EXERCISE DESCRIPTION >> Through the line with "日比野 気の輝さんを姓名の画数から五運を鑑定" and starting from the first line, return the records below word for word, with pictures left out.

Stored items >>
──────

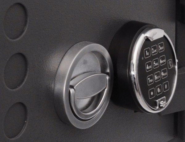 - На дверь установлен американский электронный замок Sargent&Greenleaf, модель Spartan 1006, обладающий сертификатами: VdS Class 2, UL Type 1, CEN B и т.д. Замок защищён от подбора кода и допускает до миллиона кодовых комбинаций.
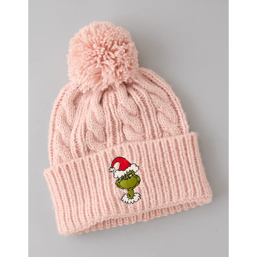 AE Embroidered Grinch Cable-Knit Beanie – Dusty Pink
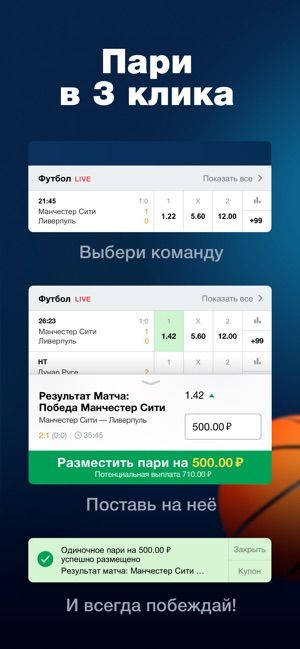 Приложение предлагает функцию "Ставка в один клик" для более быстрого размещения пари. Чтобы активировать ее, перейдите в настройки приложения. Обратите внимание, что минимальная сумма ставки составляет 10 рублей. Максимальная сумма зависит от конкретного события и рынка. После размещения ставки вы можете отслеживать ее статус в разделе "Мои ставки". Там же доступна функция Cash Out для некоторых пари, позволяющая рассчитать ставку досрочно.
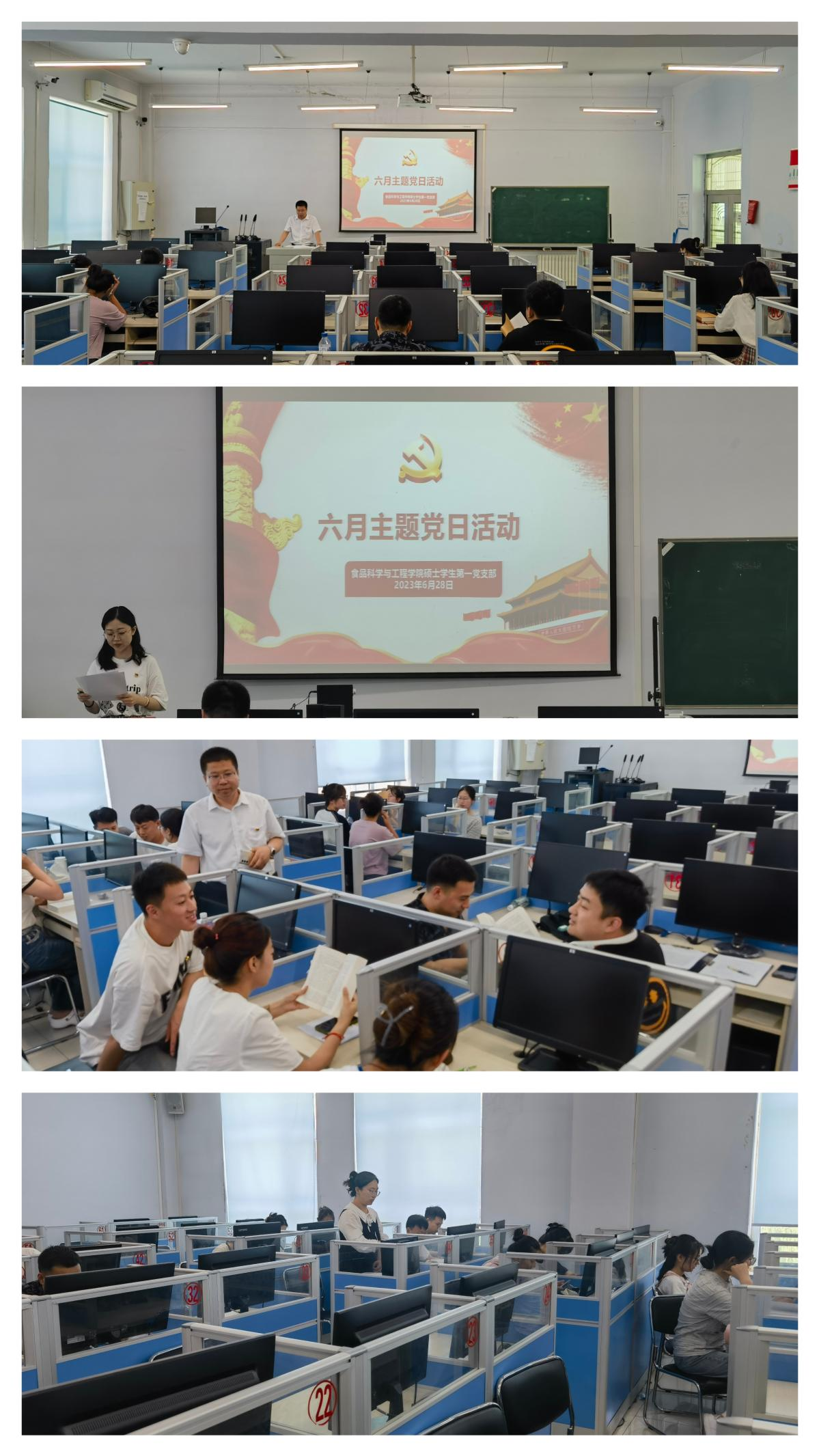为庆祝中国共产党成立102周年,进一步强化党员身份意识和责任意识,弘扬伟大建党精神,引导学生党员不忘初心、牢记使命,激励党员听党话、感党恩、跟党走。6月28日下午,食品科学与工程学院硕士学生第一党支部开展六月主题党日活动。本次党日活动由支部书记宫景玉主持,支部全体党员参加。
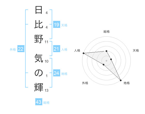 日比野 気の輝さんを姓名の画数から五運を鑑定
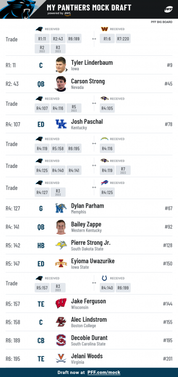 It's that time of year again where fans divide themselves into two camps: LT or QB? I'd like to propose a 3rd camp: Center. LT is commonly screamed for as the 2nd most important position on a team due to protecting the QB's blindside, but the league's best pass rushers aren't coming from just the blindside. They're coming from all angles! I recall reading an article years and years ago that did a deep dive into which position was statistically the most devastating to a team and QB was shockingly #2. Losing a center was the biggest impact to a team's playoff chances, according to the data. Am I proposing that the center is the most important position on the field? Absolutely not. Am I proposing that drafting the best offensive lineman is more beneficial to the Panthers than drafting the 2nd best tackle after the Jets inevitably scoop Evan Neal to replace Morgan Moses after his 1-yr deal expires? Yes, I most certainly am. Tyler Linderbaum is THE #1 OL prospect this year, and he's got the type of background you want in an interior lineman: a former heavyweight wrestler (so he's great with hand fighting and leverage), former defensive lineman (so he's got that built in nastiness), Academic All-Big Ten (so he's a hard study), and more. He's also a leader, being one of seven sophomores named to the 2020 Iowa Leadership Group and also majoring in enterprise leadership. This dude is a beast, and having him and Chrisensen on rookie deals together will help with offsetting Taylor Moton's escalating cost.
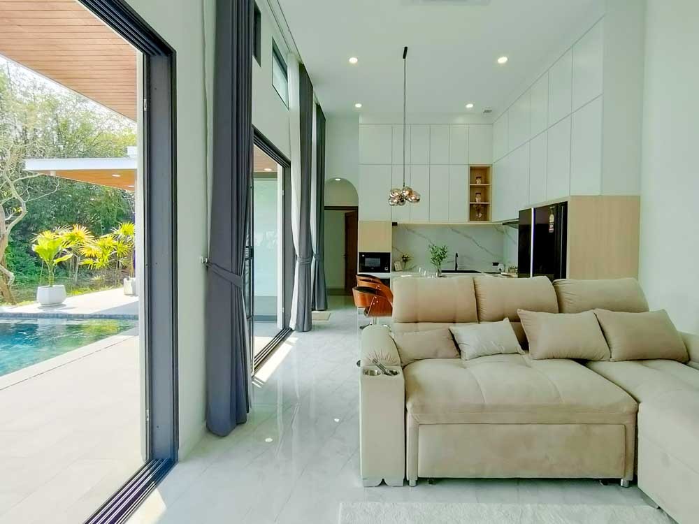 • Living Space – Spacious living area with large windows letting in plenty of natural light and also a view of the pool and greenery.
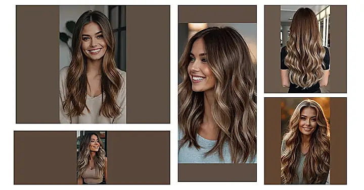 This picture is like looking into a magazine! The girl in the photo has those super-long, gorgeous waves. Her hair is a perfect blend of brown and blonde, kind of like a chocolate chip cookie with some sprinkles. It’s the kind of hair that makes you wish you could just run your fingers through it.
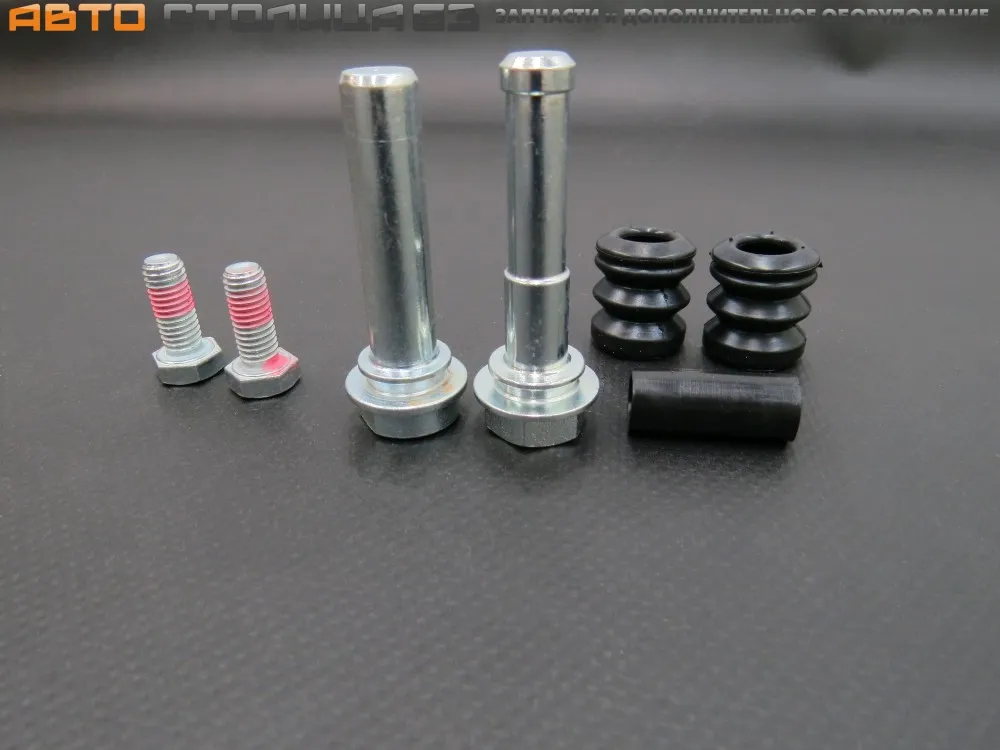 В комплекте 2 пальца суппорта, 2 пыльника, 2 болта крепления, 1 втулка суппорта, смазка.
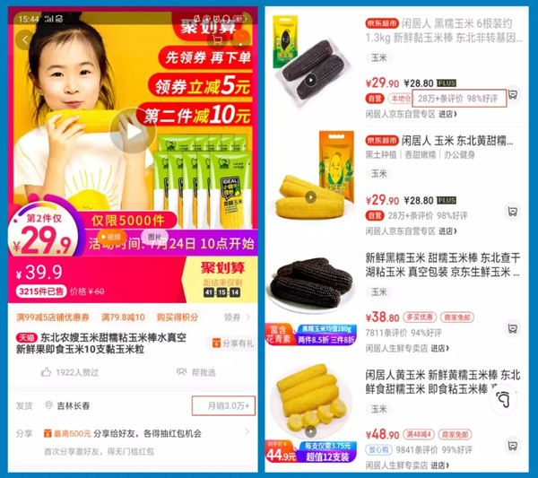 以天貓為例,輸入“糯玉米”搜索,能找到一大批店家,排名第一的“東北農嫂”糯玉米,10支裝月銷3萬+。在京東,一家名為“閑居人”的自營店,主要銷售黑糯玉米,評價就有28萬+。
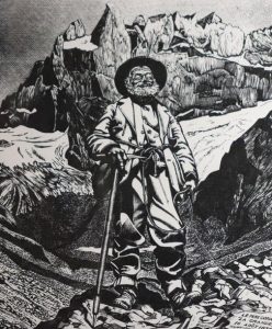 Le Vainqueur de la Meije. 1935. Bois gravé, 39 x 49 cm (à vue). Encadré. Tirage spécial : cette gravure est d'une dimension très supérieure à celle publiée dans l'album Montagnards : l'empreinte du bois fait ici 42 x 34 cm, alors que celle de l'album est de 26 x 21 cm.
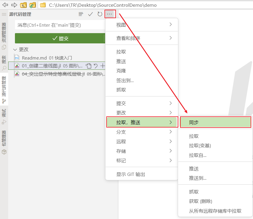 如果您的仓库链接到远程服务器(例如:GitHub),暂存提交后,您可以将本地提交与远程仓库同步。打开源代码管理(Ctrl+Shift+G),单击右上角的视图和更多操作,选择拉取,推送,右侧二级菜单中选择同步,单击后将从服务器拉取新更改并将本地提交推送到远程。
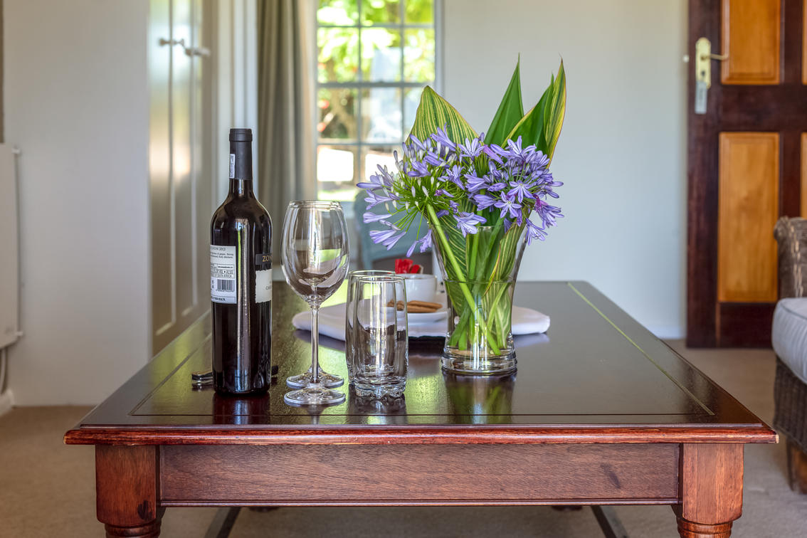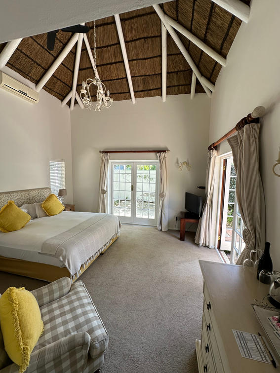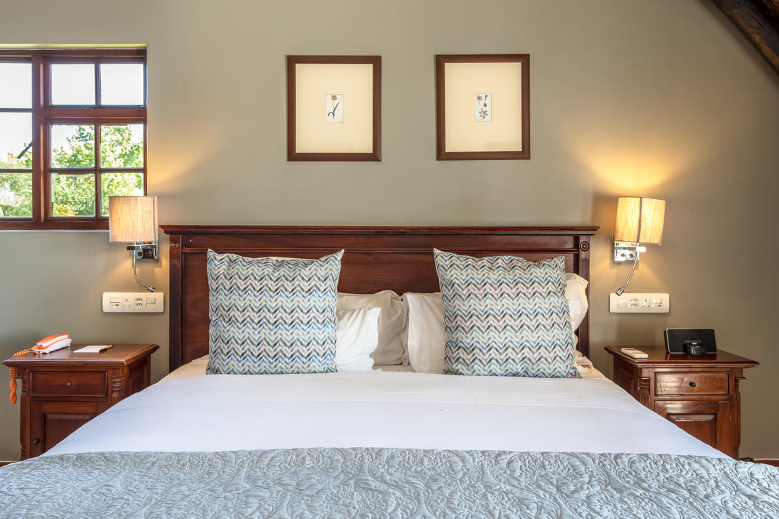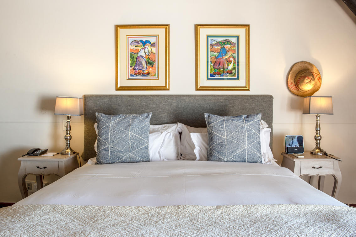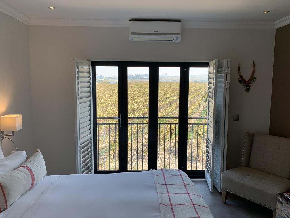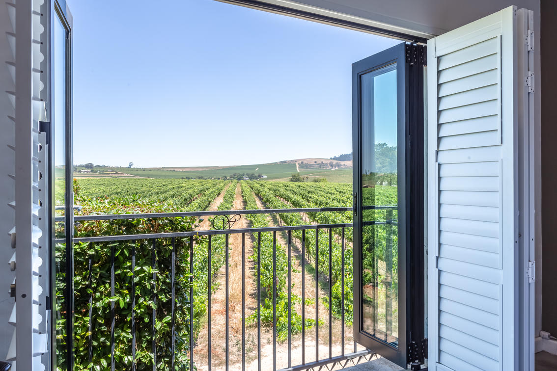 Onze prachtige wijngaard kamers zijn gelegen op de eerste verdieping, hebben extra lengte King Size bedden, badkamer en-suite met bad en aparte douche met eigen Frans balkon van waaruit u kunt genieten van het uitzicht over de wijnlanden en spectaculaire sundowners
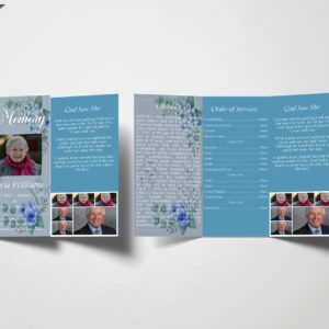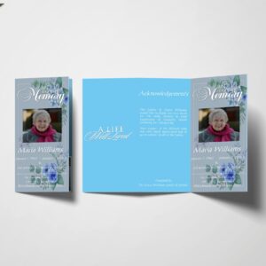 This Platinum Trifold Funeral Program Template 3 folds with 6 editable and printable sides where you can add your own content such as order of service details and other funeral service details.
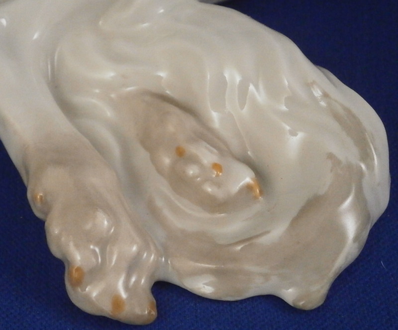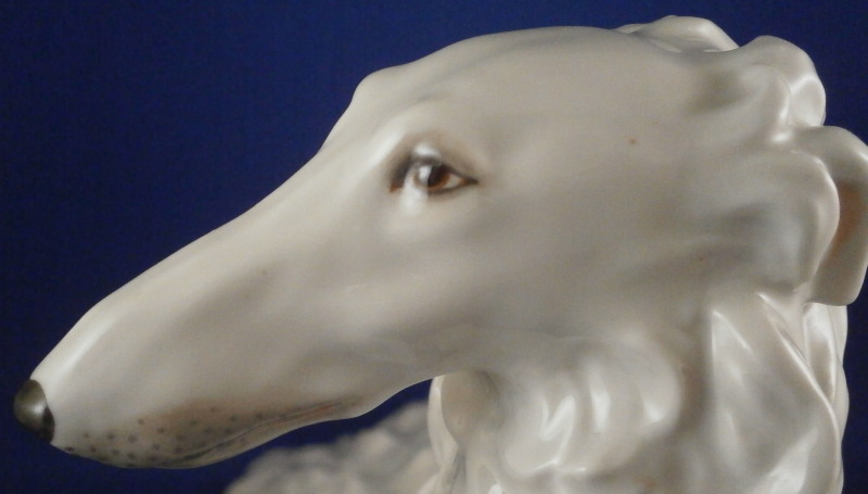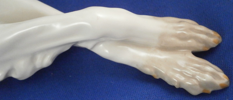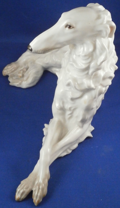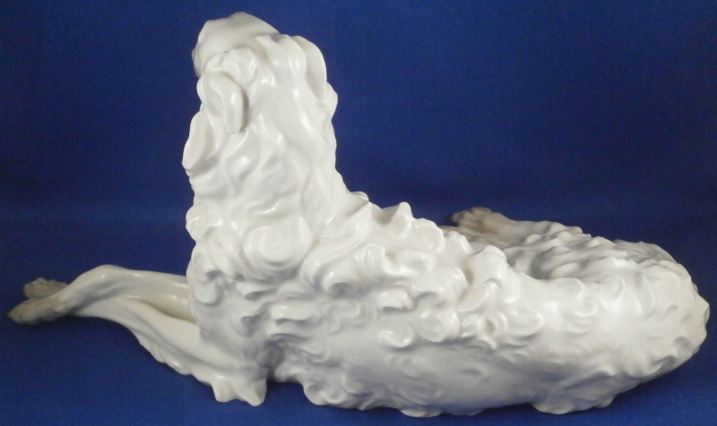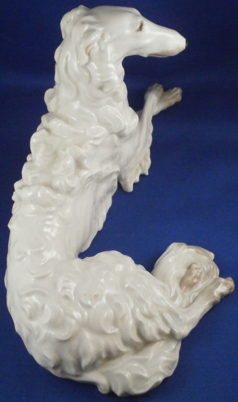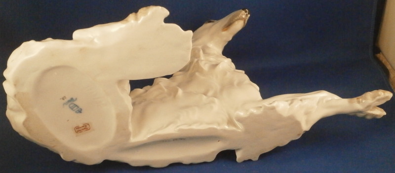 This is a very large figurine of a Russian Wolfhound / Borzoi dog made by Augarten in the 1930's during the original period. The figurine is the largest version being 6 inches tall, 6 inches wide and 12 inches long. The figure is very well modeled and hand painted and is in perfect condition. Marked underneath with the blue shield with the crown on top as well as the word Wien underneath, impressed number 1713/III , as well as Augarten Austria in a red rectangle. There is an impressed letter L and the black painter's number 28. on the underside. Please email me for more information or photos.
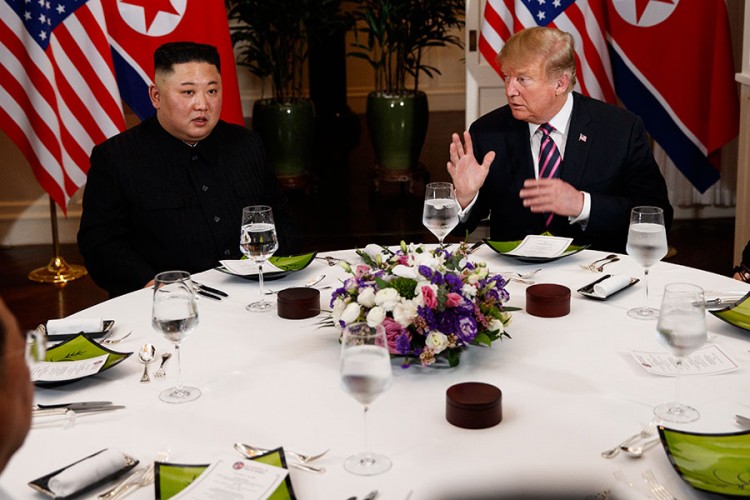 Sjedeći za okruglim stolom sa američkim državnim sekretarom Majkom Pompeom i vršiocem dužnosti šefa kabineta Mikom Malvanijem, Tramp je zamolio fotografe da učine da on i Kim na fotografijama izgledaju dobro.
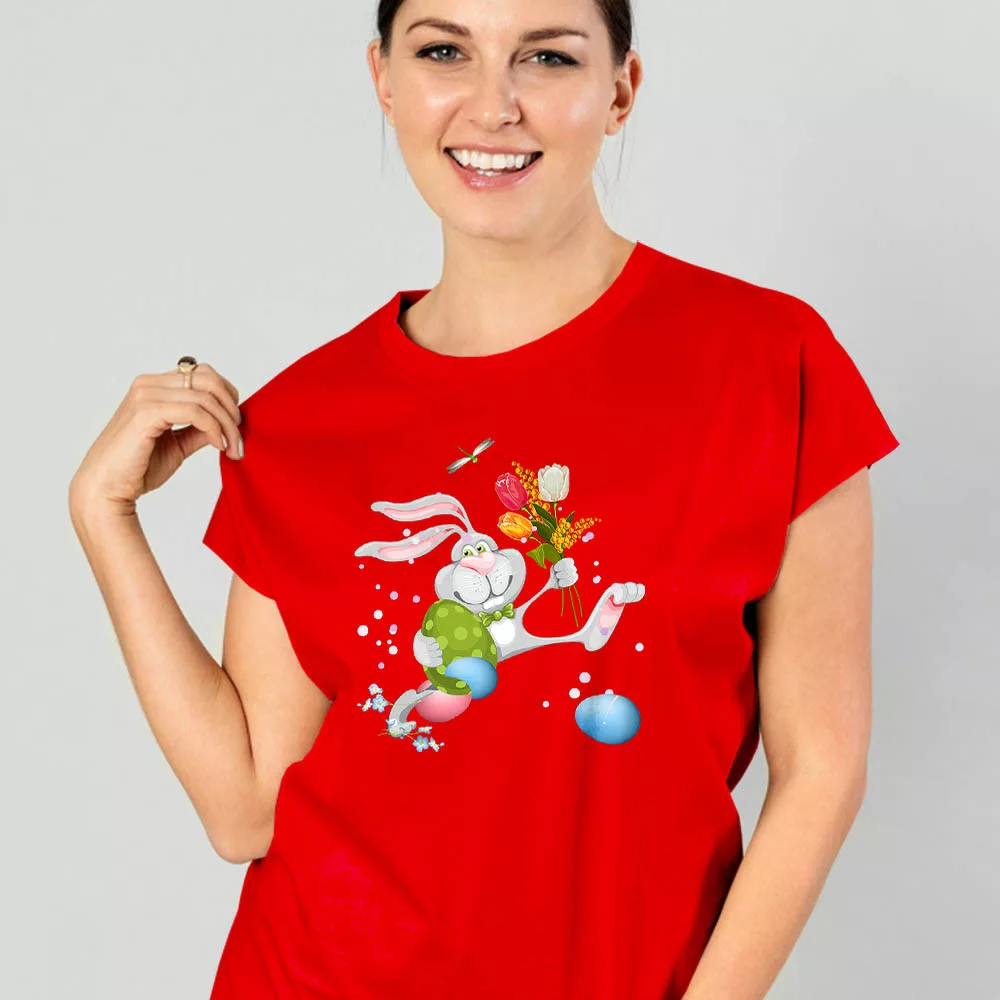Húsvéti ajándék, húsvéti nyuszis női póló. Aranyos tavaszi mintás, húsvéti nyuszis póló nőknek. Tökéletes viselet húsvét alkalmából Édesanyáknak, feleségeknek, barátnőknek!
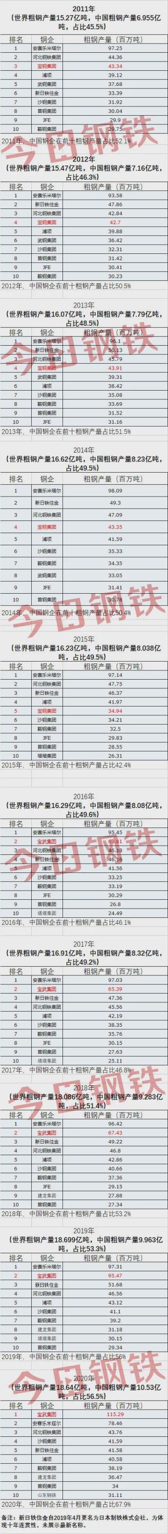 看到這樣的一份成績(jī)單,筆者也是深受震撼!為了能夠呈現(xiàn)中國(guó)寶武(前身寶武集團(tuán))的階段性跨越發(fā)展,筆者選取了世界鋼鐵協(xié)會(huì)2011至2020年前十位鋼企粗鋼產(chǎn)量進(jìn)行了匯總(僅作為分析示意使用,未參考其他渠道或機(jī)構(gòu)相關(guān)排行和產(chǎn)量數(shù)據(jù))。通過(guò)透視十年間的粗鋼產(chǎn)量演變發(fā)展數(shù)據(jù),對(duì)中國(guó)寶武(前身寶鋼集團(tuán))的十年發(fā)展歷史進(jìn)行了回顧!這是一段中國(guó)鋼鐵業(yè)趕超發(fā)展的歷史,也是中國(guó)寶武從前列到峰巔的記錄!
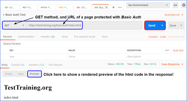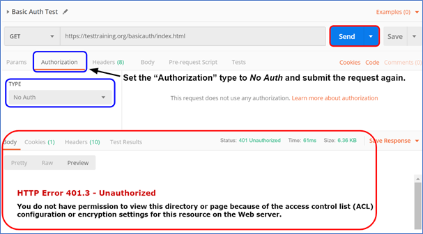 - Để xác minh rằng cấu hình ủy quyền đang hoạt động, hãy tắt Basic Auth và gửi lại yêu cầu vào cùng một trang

──────

RESULT OF THIS EXERCISE >>
 - На дверь установлен американский электронный замок Sargent&Greenleaf, модель Spartan 1006, обладающий сертификатами: VdS Class 2, UL Type 1, CEN B и т.д. Замок защищён от подбора кода и допускает до миллиона кодовых комбинаций.
 AE Embroidered Grinch Cable-Knit Beanie – Dusty Pink
 Приложение предлагает функцию "Ставка в один клик" для более быстрого размещения пари. Чтобы активировать ее, перейдите в настройки приложения. Обратите внимание, что минимальная сумма ставки составляет 10 рублей. Максимальная сумма зависит от конкретного события и рынка. После размещения ставки вы можете отслеживать ее статус в разделе "Мои ставки". Там же доступна функция Cash Out для некоторых пари, позволяющая рассчитать ставку досрочно.
为庆祝中国共产党成立102周年,进一步强化党员身份意识和责任意识,弘扬伟大建党精神,引导学生党员不忘初心、牢记使命,激励党员听党话、感党恩、跟党走。6月28日下午,食品科学与工程学院硕士学生第一党支部开展六月主题党日活动。本次党日活动由支部书记宫景玉主持,支部全体党员参加。
 日比野 気の輝さんを姓名の画数から五運を鑑定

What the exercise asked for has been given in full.